Why didn't I know this? Why hadn't Jacob told me? "And what happens if a ghost's soul is removed?"
"You don't know?" I shook my head and he pushed his glasses up his nose. "Well it ceases to exist at all, in any realm," he said. "It has no energy, no cognitive abilities. It becomes...nothing."
Oh. No. To become nothing would be, well, a fate worse than death to use a cliché.
"So your friend Jacob must be careful," he added.
"Yes," I said weakly. "Extremely." This information put Jacob's involvement into an entirely different context-this assignment could destroy him.
"Now, that's all I know. Shall we each find a book and begin?"
We spent the next three hours looking through books, making notes and cross-checking facts. Jacob didn't return but I didn't mind. I suspect I would have found it difficult to concentrate with him in the room. He was rather distracting. George and I worked quietly until a footman interrupted us with lunch, which George had requested to be served in the library.
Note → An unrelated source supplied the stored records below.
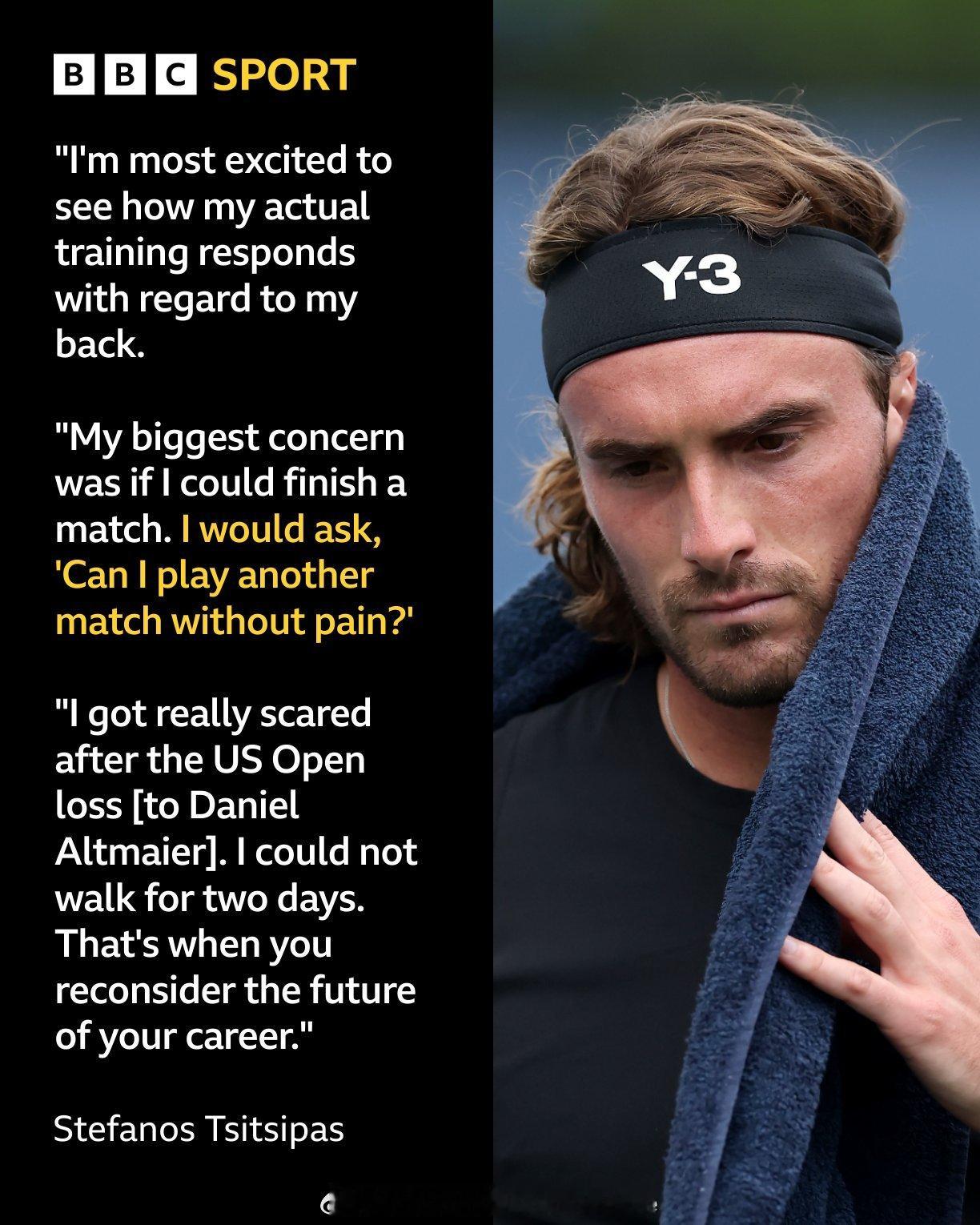 【西西帕斯2025因伤病考虑退役】“我最期待的是看看我的实际训练对我的背部状况会产生怎样的影响。”“我最担心的就是能否完成一场比赛。我会问自己:‘我能否在不感到疼痛的情况下再进行一场比赛?’”“在输给丹尼尔·阿尔特迈尔的美国网球公开赛失利之后,我感到非常害怕。我整整两天都走不了路。那时候你就得重新思考自己职业生涯的未来了。”
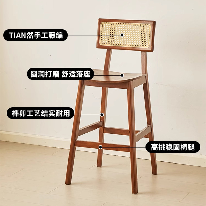📚 球球复古藤编实木吧台椅岛台椅子高脚凳家用咖啡餐厅靠背中古休闲
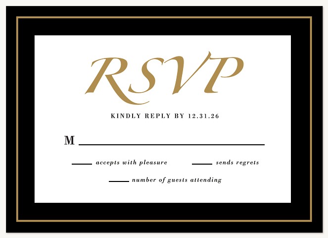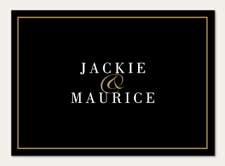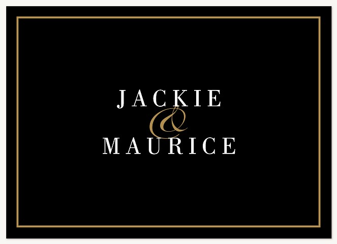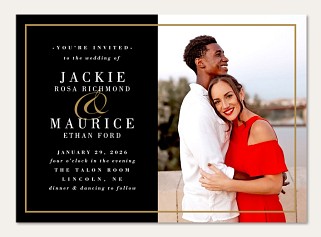 Make your wedding announcement unforgettable with this sophisticated split-panel invitation design. The striking contrast of a black panel adorned with elegant serif typography and framed in lustrous gold creates timeless appeal. Customize with your choice of premium papers and finishes to create an invitation that perfectly sets the tone for your celebration.
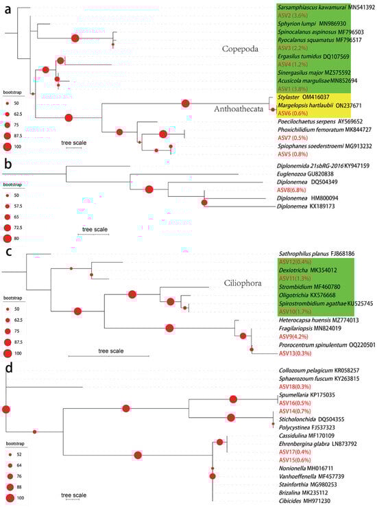 Phylogenetic tree and average abundance of major Metazoa, Discoba, Alveolata, and Retaria ASVs. The maximum likelihood phylogenetic trees were reconstructed using the representative joint 18S miTags for the major ASVs from Metazoa (a), Discoba (b), Alveolata (c), and Retaria (d), along with the references from the NCBI. Average relative abundances of the ASVs in all the samples are shown in parentheses following the ASV IDs. The green color in (a) represents Copepoda, while the yellow color represents Anthoathecata. The green color in (c) represents Ciliophora. The red dots shown on the tree denote the bootstrap values.
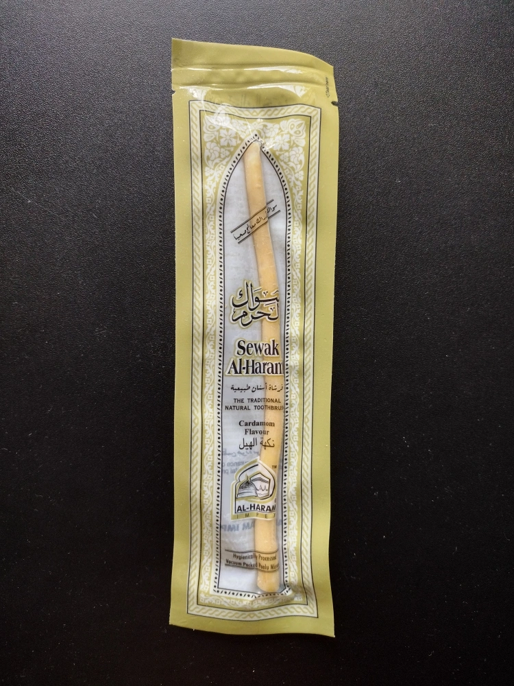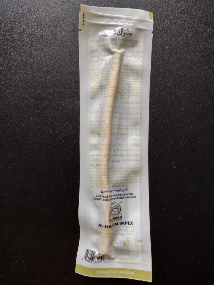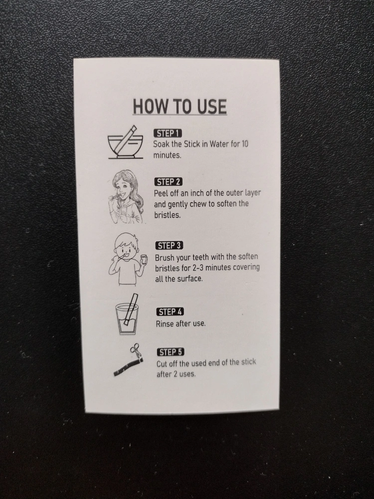 Sewak Al-Haram Traditional Toothbrush. It's a natural toothbrush that comes in Cardamom flavor. To use, soak the stick in water for 10 minutes, peel off an inch of the outer layer, and gently chew to soften the bristles. Then brush your teeth with the softened bristles for 2-3 minutes, covering all surfaces. Rinse after use and cut off the used end of the stick after 2 uses.

"What's he like?" George asked, in between bites of warm ham. "Jacob Beaufort's ghost, I mean."
I paused, the fork half way to my mouth. Jacob was handsome, magnificent, intriguing and compelling. I found it hard not to look at him when he was in my presence, and hard not to think about him when he wasn't. "He seems nice," was all I said. Gushing about a ghost, particularly to a man, seemed foolish. It was times like this I wish I had a female friend of my own age to talk to. Celia wasn't quite the understanding type when it came to discussing men, dead or alive, unless it was with a view to matrimony and even then she would want me to temper my descriptions. "I was surprised when you said Jacob didn't really notice people at school though," I said. "He seems very aware of others." He'd definitely noticed me. My face still burned just thinking about his intense stares.
George shrugged. "Perhaps he's changed since his death. I hardly knew him but I do know that his awareness of others did not extend to those outside his circle. How did he die, by the way?"
"I was hoping you could tell me. We haven't discussed it and I don't want to ask...just in case." I put my fork down, no longer hungry. It had just struck me that I'd hit on the reason why Jacob was so solid, so real to me-perhaps he'd taken his own life. I'd never met a ghost who had, so maybe solidness was a characteristic of those spirits. I swallowed past the lump lodged in my throat. The thought was so awful I didn't want to think about it let alone voice it.